Research on deliberate metaphor has suggested that novel metaphors will typically be deliberate whereas conventional metaphors are not, although this does not mean that all conventional metaphor is necessarily non-deliberate (Steen 2010). This paper will shift the focus to poetic metaphor (i.e., metaphor attested in poetic discourse), aiming to explore its relationship with deliberateness. It will show that poetic metaphors are typically novel in linguistic and conceptual terms, nevertheless they can also be conventional; for example, conventionalized metaphorical expressions that are endowed with a novel, enriched meaning by virtue of the linguistic context and/or the textual pattern in which they are embedded (cf. revitalization; Müller 2008). Whether conventional or novel, however, poetic metaphors are deliberate; they are intended to be processed metaphorically, inviting the reader/hearer to opportunistically switch to another conceptual domain in terms of which to conceive the target of the metaphor. This finding has important implications for metaphor research in that (a) it emphasizes the need to account for the role of genre in deliberate metaphor (see Steen 2013); and (b) it entails that poetic metaphors can be viewed as a unified category in terms of deliberateness, notwithstanding their diversity at the linguistic and conceptual level. In methodological terms, the analysis is based on a small, specialized corpus of Modern Greek poetry containing poetic metaphors of time.

 

References

Müller, C. (2008). Metaphors dead and alive, sleep and waking. London: University of Chicago Press.

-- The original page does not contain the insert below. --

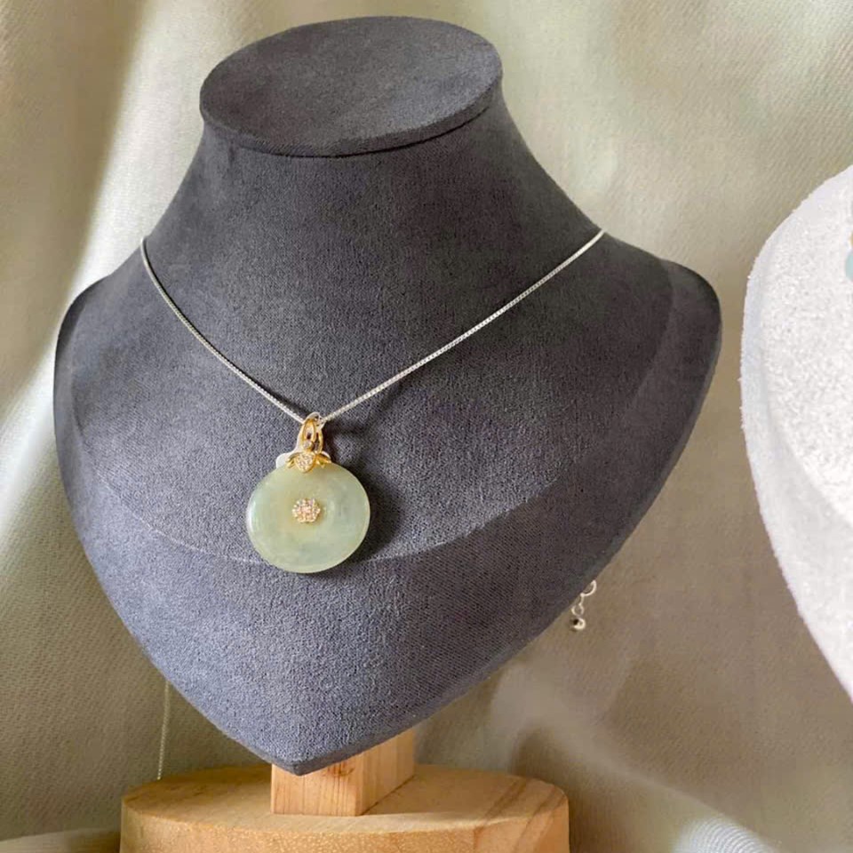 - Phỉ thuý: Với sắc xanh tươi mát và ánh sáng trong trẻo, từ lâu đã được xem là một trong những loại ngọc quý nhất. Khi được chế tác thành Khấu bình an, ngọc phỉ thúy trở nên lung linh, rạng rỡ, mang đến nguồn năng lượng tươi mới, giúp cân bằng cảm xúc và mang lại sự bình yên trong tâm hồn.

Steen, G. J. (2010). “When is metaphor deliberate?”. In Johannesson, N.-L., Alm-Arvious, C. & Minugh, D. C. (eds.), Selected papers from the Stockholm 2008 Metaphor Fetsival (Stockholm Studies in English), pp. 43-63. Stockholm: University of Stockholm.

Steen, G. J. (2013). “Deliberate metaphor affords conscious metaphorical cognition”. In Journal of Cognitive Semiotics 5(1-2): 179-197.